Microsoft to show off Google TV and Apple TV rival at CES 2011?

Brier Dudley from the Seattle Times, is reporting that Microsoft will present their answer to Apple TV and Google TV at CES. Here is the key excerpt

Microsoft’s going to make a splash in this market with a stripped-down version of Windows tailored for set-top boxes and connected TVs. The software is a version of its embedded device software, overlaid with the Windows Media Center interface, with media streaming and remote-control capabilities.

Microsoft has had a solution with Windows Media Center for along time, but unfortunately, they never capitalized on it. If this story pans out, I think MS will be just showing devices running Windows Media Center Embedded like shown on the video above on an Acer Revo 2 box. I have mixed feelings about this because the Xbox 360 is already an excellent multimedia device that I think Microsoft should concentrate on by not only adding a full browser with flash and Silverlight support, but also apps, a marketplace and an SDK for developers to create 3rd party apps.

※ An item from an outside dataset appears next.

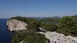 The land entry is located in 5 km (3.1 mi) from the village of Sali, the largest settlement of Dugi Otok. Cars must be left at the 🌍 parking lot in about 2 km (1.2 mi) of lake Mir.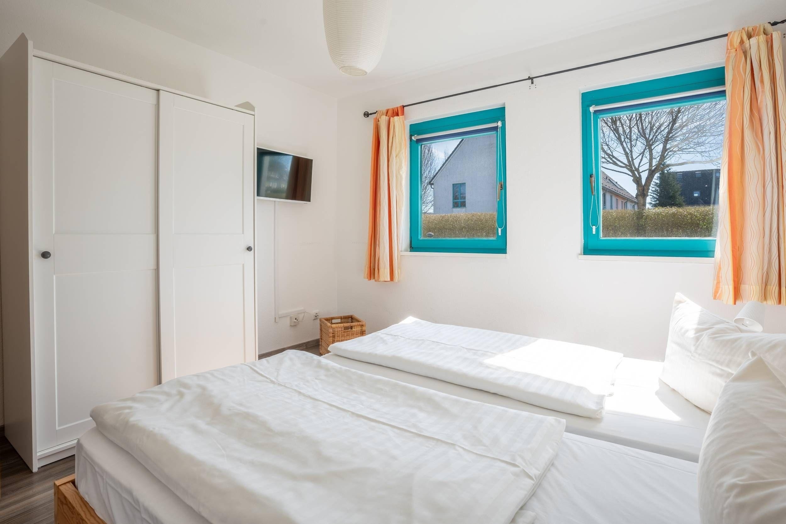 In beiden Schlafzimmer sind 2 Doppelbetten und Kleiderschränke mit ausreichend Stauraum sowie Flat TV.

I have also yet to see any concerted push using it with the at&t uverse service. (Isn’t this something that should be demoed live at all at&t stores?)

On the other hand, a standalone WMC box has the advantage of being able to add a Blu-ray drive and TV tuners, features that the 360 doesn’t support, although I don’t see why the Xbox could not ostensibly support a network based tuner ala the SiliconDust HDHomeRun Prime if Microsoft really wanted it to. Add the ability to use the Kinect controller to the WMC box and suddenly it becomes a viable option.

The only sticking point for choosing the WMC box over the 360 is the reported $200 price. All competitive boxes like the Apple TV, Roku Box, Boxee e.t.c are all priced under or around $100 so it is already at a disadvantage. Add an extra $ 100 and you can buy a 4GB Xbox 360 with Kinect which also functions as an excellent game console! The price point therefore dooms the box at both the low and high ends of the spectrum. Price it at $100 or less including at least dual OTA digital tuners, and it becomes the best solution for households with multiple TVs, which a majority fall in that group, saving them money from not having to purchase the more expensive Xboxes for each television set.